━━━ The data ━━━

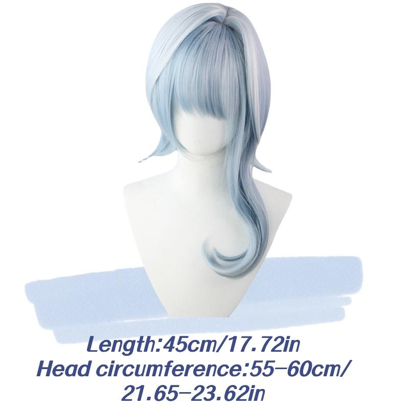The wig features a beautiful blue and white gradient color that adds a touch of uniqueness to your overall look. The irregular bangs and curls create a playful and stylish appearance, allowing you to stand out from the crowd at any cosplay event or party.
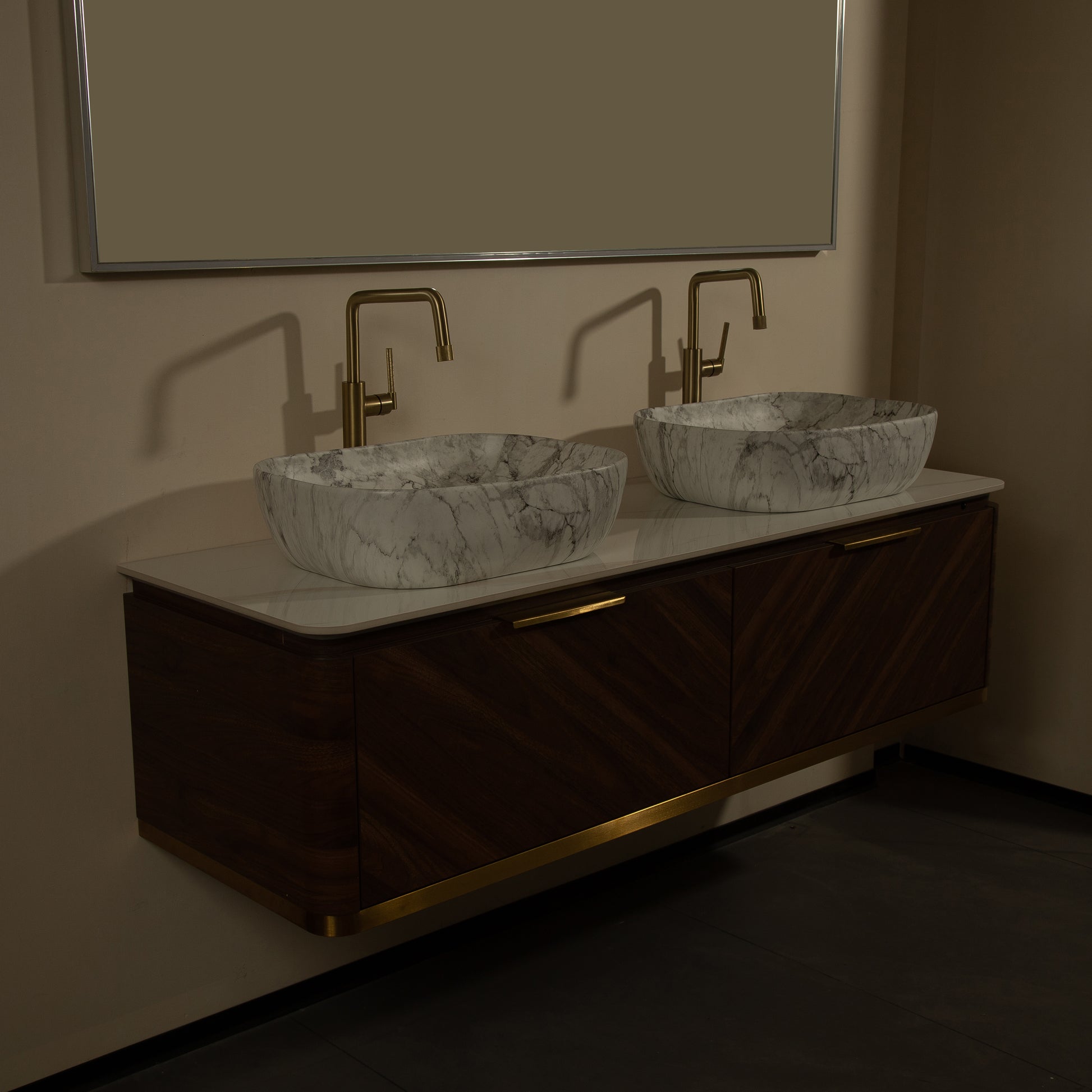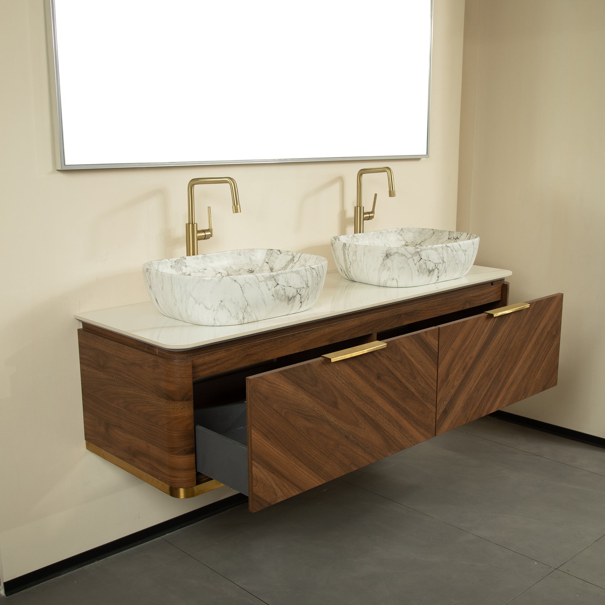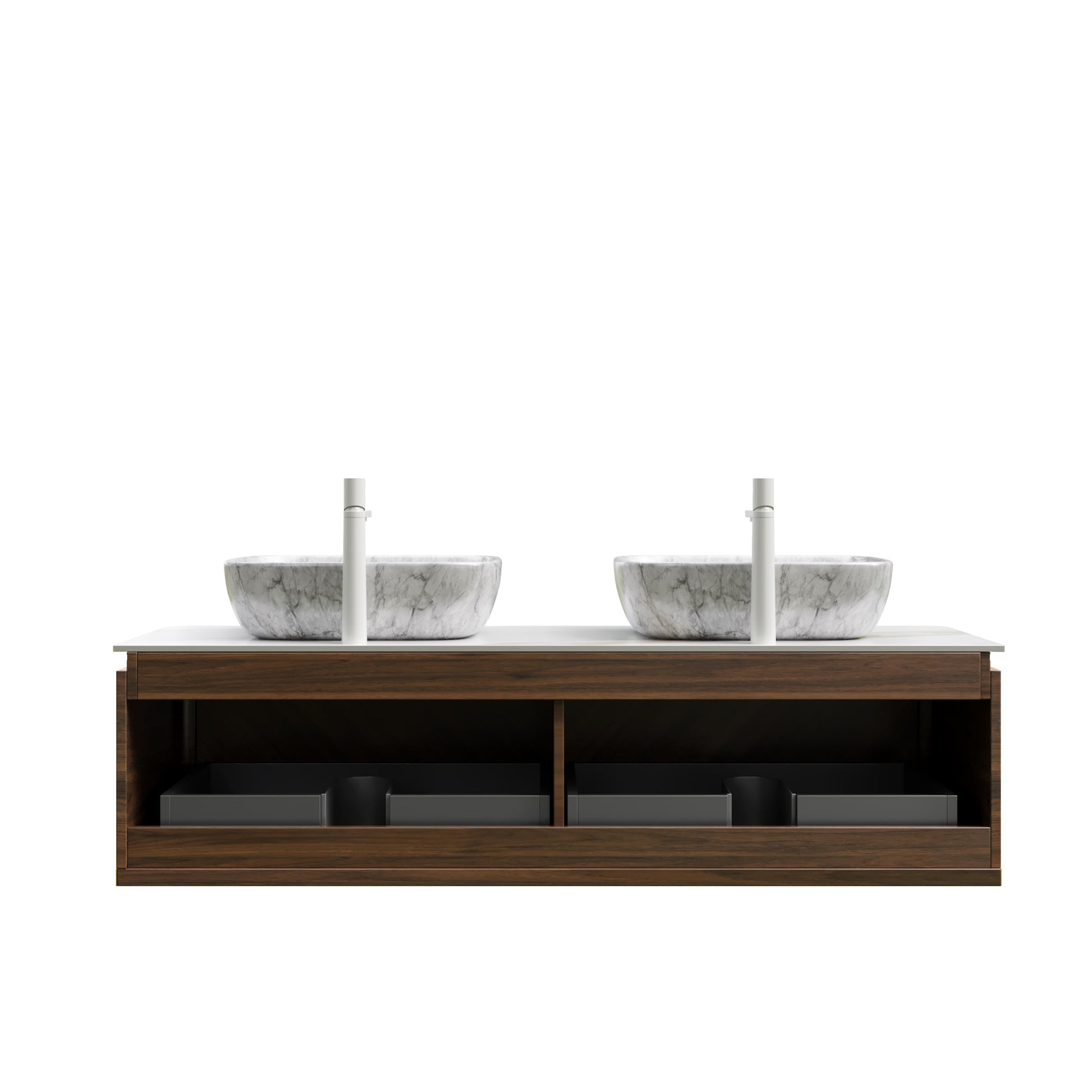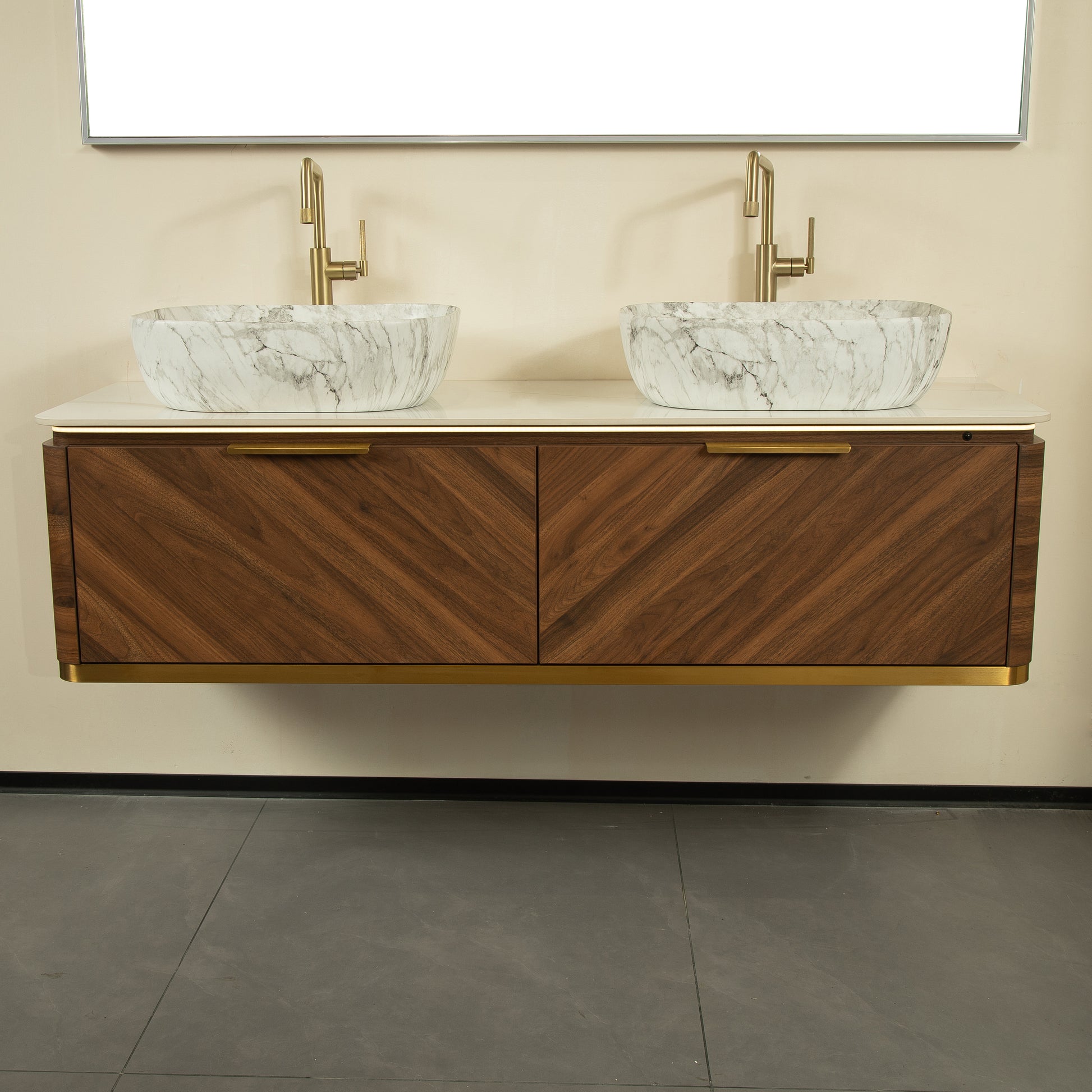 DIPA 60" Badezimmer-Waschtisch und Waschbecken, schwebender Sperrholz-Aufbewahrungsschrank, dunkle Walnussholzmaserung, gesinterte Steinplatte
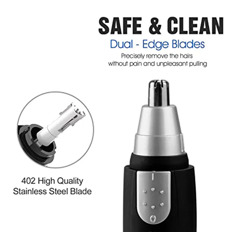 Характеристики: Материал: металл и пластик Размер: 30*130 мм Цвет: черный или серебристый Особенности: Трехмерный сегмент арки, не повреждает полость носа. Предназначен для отделки ушей и волос в носу. Вращение на 360 градусов, может захватывать длинный нос в любом направлении. Водонепроницаемая конструкция, влажная или сухая чистка и санитарная. Изогнутое, гипоаллергенное лезвие из нержавеющей стали. Подходит как для мужчин, так и для женщин. Описание: Прозрачная крышка для защиты лезвия, длительный срок службы Резиновый скользящий переключатель вкл/выкл, удобный и безопасный. Небольшой и легкий дизайн, отлично подходит для путешествий.
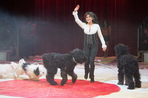 Gina Giovannis, viele Jahre als brillante Handstandequilibristin in allen namhaften Circussen zu erleben, bringt nun vier quirlige Hunde in die Manege. Mit Freude am Spiel und voller Eifer zeigen sie ihr erlerntes Können. Voller Kraft und Temperament werden die verschiedenen Sprünge ausgeführt und eine Rutschbahn genutzt.
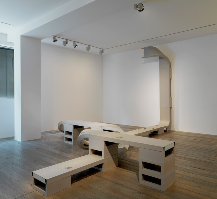Thomas Bayrle (born 1937, living in Frankfurt) has been working since the mid-sixties and is now recognized as key to a European kind of Pop Art. In Bayrle’s work, single units are replicated and stretched into a mass, describing a world suspended between positive collectivism and deadening uniformity. His sculptural works and the film Autobahn-Kopf in the ground floor galleries use the metaphor of the highway to characterise a state of modernity where we are ‘racing to stand still’.
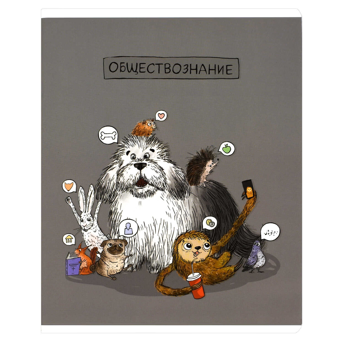 Тетрадь предметная арт. 63417/ 16 "ПЁС УЧЁНЫЙ" ОБЩЕСТВОЗНАНИЕ /48 л., А5+, вн.блок - клетка, белый о
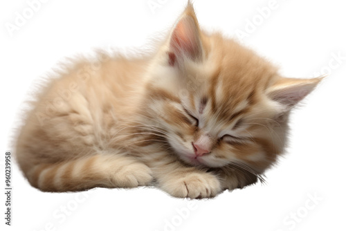 © Phuwadon, Obraz premium Cute, fluffy, sleeping kitten on a white background
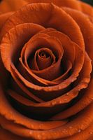 Ontdek de subtiele schoonheid van de natuur met deze close-up van een oranje roos, zorgvuldig vastgelegd na een vroege ochtend dauw. Elke fluweelachtige bloemblaadje ontvouwt zich zacht in een harmonie van warme, uitnodigende oranjetinten die overgaan in rijke, aardse bruinen. De delicate waterdruppeltjes versterken de levendige textuur en voegen een fris gevoel van ochtendgloren toe. Dit ontwerp, perfect voor zowel moderne als klassieke interieurs, brengt een stukje van de serene buitenwereld in elke ruimte. Laat je meeslepen door de details en de diepte die deze foto biedt, een tijdloos stukje natuur voor bij jou thuis.
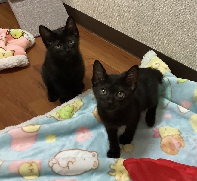 | 特徴(性格など) | 黒猫の女の子です。尻尾は短いです。人にも慣れてきました。一番のおチビさんで小さくてお顔も可愛いです。 | ||
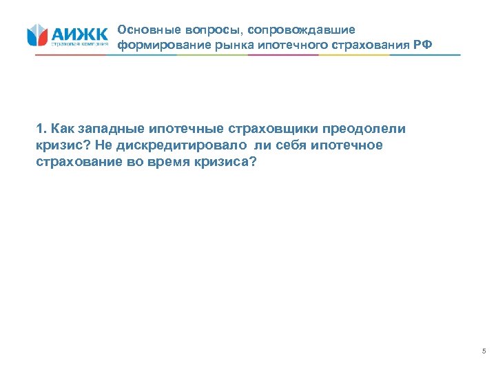 Основные вопросы, сопровождавшие формирование рынка ипотечного страхования РФ 1. Как западные ипотечные страховщики преодолели кризис? Не дискредитировало ли себя ипотечное страхование во время кризиса? 5
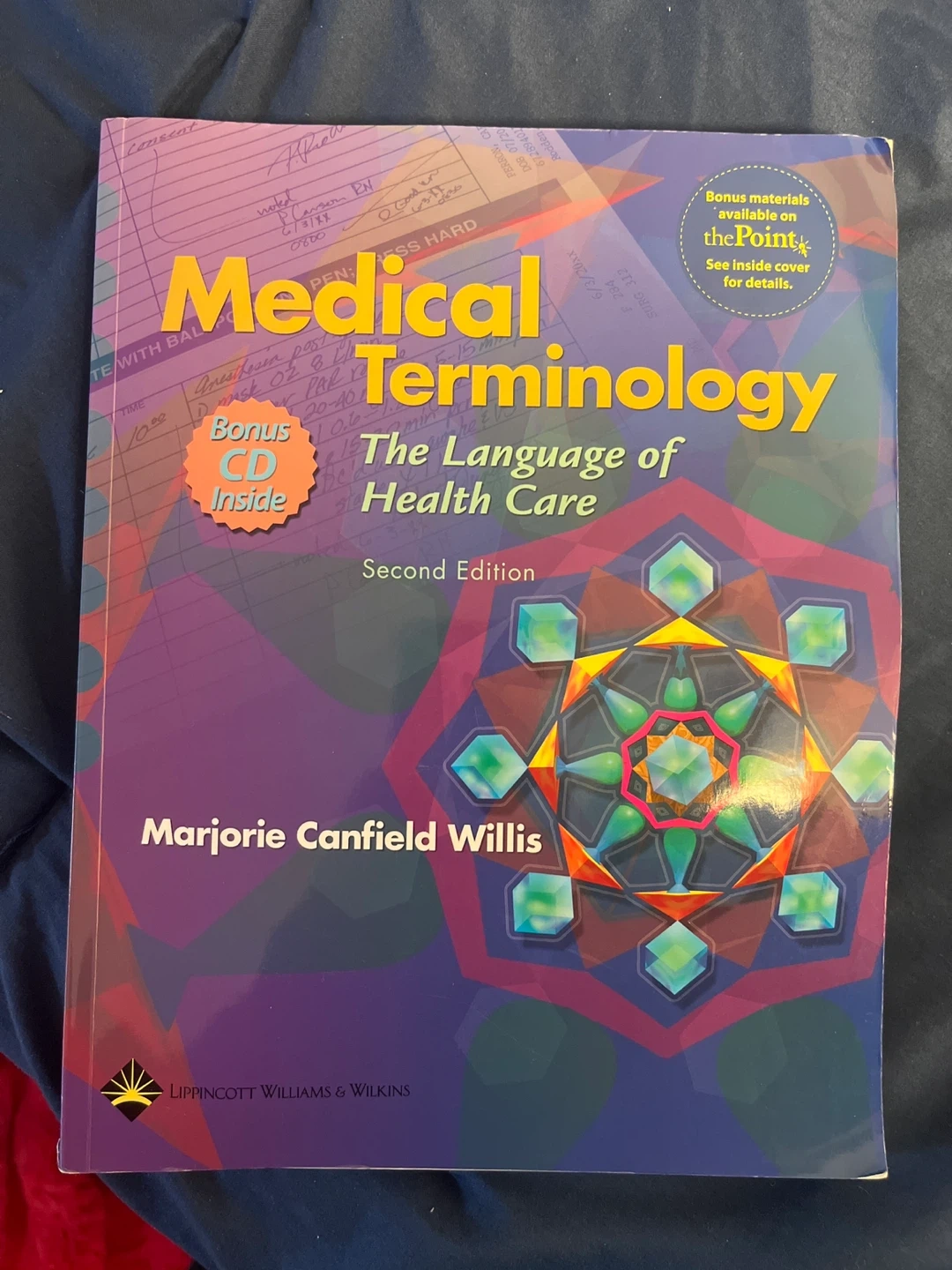 This set includes the 'Medical Terminology: The Language of Health Care' Second Edition textbook by Marjorie Canfield Willis and a blood pressure monitor with a stethoscope and cuff. The textbook comes with a bonus CD inside. It's a great resource for anyone studying health care.
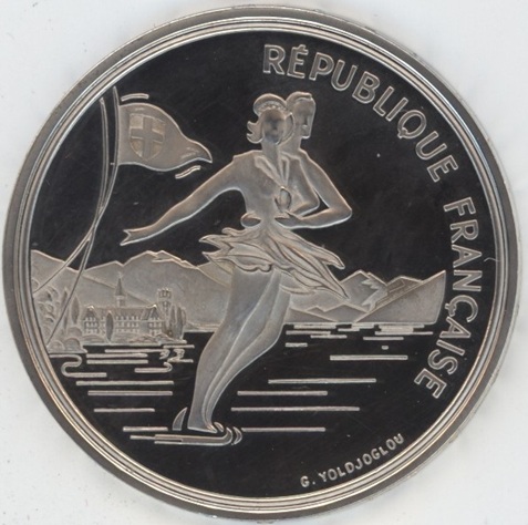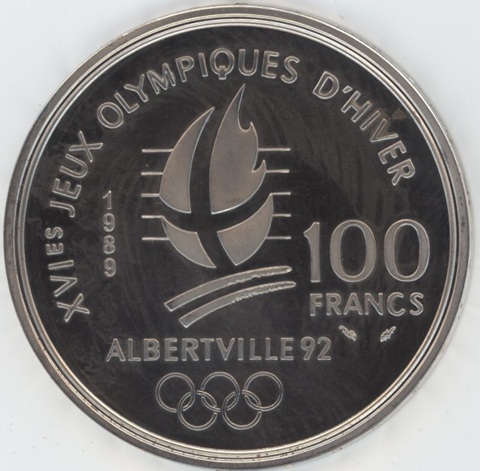 France 100 Francs 1989 Albertville 92 patinage artistique) (vz) en argent 0.900 (22.2gr) KM# 972
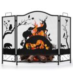 IRONWALLS 暖炉用スクリーン 装飾用 3パネル 長さ48インチ x 高さ32インチ 錬鉄製火場 スパークガードカバー アニマルパターン ブラックメタルメッシュ 暖炉スクリーンスタンド 単独 リビングルーム 寝室 |
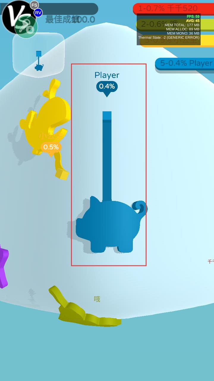 2、操控蓝色小猪造型方块,在空间中移动染色,建立自己的领地,与其他玩家竞争。

━━━

▶ **Your assignment**: The data must be printed exactly, image-free.

▶ **Answer space**:
The wig features a beautiful blue and white gradient color that adds a touch of uniqueness to your overall look. The irregular bangs and curls create a playful and stylish appearance, allowing you to stand out from the crowd at any cosplay event or party.
 DIPA 60" Badezimmer-Waschtisch und Waschbecken, schwebender Sperrholz-Aufbewahrungsschrank, dunkle Walnussholzmaserung, gesinterte Steinplatte
 Характеристики: Материал: металл и пластик Размер: 30*130 мм Цвет: черный или серебристый Особенности: Трехмерный сегмент арки, не повреждает полость носа. Предназначен для отделки ушей и волос в носу. Вращение на 360 градусов, может захватывать длинный нос в любом направлении. Водонепроницаемая конструкция, влажная или сухая чистка и санитарная. Изогнутое, гипоаллергенное лезвие из нержавеющей стали. Подходит как для мужчин, так и для женщин. Описание: Прозрачная крышка для защиты лезвия, длительный срок службы Резиновый скользящий переключатель вкл/выкл, удобный и безопасный. Небольшой и легкий дизайн, отлично подходит для путешествий.
 Gina Giovannis, viele Jahre als brillante Handstandequilibristin in allen namhaften Circussen zu erleben, bringt nun vier quirlige Hunde in die Manege. Mit Freude am Spiel und voller Eifer zeigen sie ihr erlerntes Können. Voller Kraft und Temperament werden die verschiedenen Sprünge ausgeführt und eine Rutschbahn genutzt.
Thomas Bayrle (born 1937, living in Frankfurt) has been working since the mid-sixties and is now recognized as key to a European kind of Pop Art. In Bayrle’s work, single units are replicated and stretched into a mass, describing a world suspended between positive collectivism and deadening uniformity. His sculptural works and the film Autobahn-Kopf in the ground floor galleries use the metaphor of the highway to characterise a state of modernity where we are ‘racing to stand still’.
 Тетрадь предметная арт. 63417/ 16 "ПЁС УЧЁНЫЙ" ОБЩЕСТВОЗНАНИЕ /48 л., А5+, вн.блок - клетка, белый о
 © Phuwadon, Obraz premium Cute, fluffy, sleeping kitten on a white background
 Ontdek de subtiele schoonheid van de natuur met deze close-up van een oranje roos, zorgvuldig vastgelegd na een vroege ochtend dauw. Elke fluweelachtige bloemblaadje ontvouwt zich zacht in een harmonie van warme, uitnodigende oranjetinten die overgaan in rijke, aardse bruinen. De delicate waterdruppeltjes versterken de levendige textuur en voegen een fris gevoel van ochtendgloren toe. Dit ontwerp, perfect voor zowel moderne als klassieke interieurs, brengt een stukje van de serene buitenwereld in elke ruimte. Laat je meeslepen door de details en de diepte die deze foto biedt, een tijdloos stukje natuur voor bij jou thuis.
 | 特徴(性格など) | 黒猫の女の子です。尻尾は短いです。人にも慣れてきました。一番のおチビさんで小さくてお顔も可愛いです。 | ||
 Основные вопросы, сопровождавшие формирование рынка ипотечного страхования РФ 1. Как западные ипотечные страховщики преодолели кризис? Не дискредитировало ли себя ипотечное страхование во время кризиса? 5
 This set includes the 'Medical Terminology: The Language of Health Care' Second Edition textbook by Marjorie Canfield Willis and a blood pressure monitor with a stethoscope and cuff. The textbook comes with a bonus CD inside. It's a great resource for anyone studying health care.
 France 100 Francs 1989 Albertville 92 patinage artistique) (vz) en argent 0.900 (22.2gr) KM# 972
 IRONWALLS 暖炉用スクリーン 装飾用 3パネル 長さ48インチ x 高さ32インチ 錬鉄製火場 スパークガードカバー アニマルパターン ブラックメタルメッシュ 暖炉スクリーンスタンド 単独 リビングルーム 寝室 |
 2、操控蓝色小猪造型方块,在空间中移动染色,建立自己的领地,与其他玩家竞争。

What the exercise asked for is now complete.